Who funds the future?

How private credit, tokenisation and sector convergence are reshaping the funding landscape


Yuval Noah Harari observes in his landmark book Sapiens1 that money is “the most universal and efficient system of mutual trust ever devised.” In ancient times, that trust underpinned coins and ledgers. Today, trust is being reinvented by private credit, tokenisation and sector convergence.

This reinvention brings challenges, from regulatory complexity to operational risk and multi‑jurisdictional hurdles. But it also opens new possibilities: unlocking capital, widening investor access and enabling entirely new ways of structuring, funding and trading assets. The decisions we make and the innovations we embrace today will shape the future of finance for years to come.

The asset class of the future

Private credit has emerged as one of the defining pillars of alternative finance and the asset class of the new economy. Once a niche form of direct lending, it is now a major source of capital for companies of all sizes, particularly those underserved by traditional banks. The scale of this shift is striking: the global private credit market has now surpassed $3.5 trillion in assets under management2, with deployment volumes growing sharply year-on-year across corporate, asset-backed, real estate and infrastructure lending.

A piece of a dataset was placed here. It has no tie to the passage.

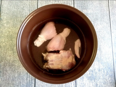 Через час готовую курицу вынуть, разделать. Кожу и кости выбросить.

As the private credit market matures, asset managers are building specialised teams and dedicated funds that go beyond straightforward direct lending and structuring more complex, bespoke solutions. Credit investors can take equity positions through restructurings or “loan to own” strategies.

What makes private credit so compelling is its ability to deliver customised solutions at speed, something conventional banks often struggle to do. Regulatory constraints and internal policies can slow banks down, whereas private credit providers can act quickly, tailoring terms to specific needs.

“Investment banks have long played an important role in originating and structuring these deals,” explains Ester Chow. “What’s changed is the breadth of options now available. Alongside banks, some investors and debt managers are choosing to originate and hold assets directly, giving borrowers greater flexibility in how transactions are executed.”

Partnerships between banks and private credit funds are increasingly common, expanding funding sources while introducing new strategic and risk considerations. “We’re seeing a clear continuous evolution in sources of funding” observes Amer Siddiqui. “And as a result, funders are working together in more flexible ways. Sometimes it’s purely private credit, sometimes it’s a mix of bank and private credit.”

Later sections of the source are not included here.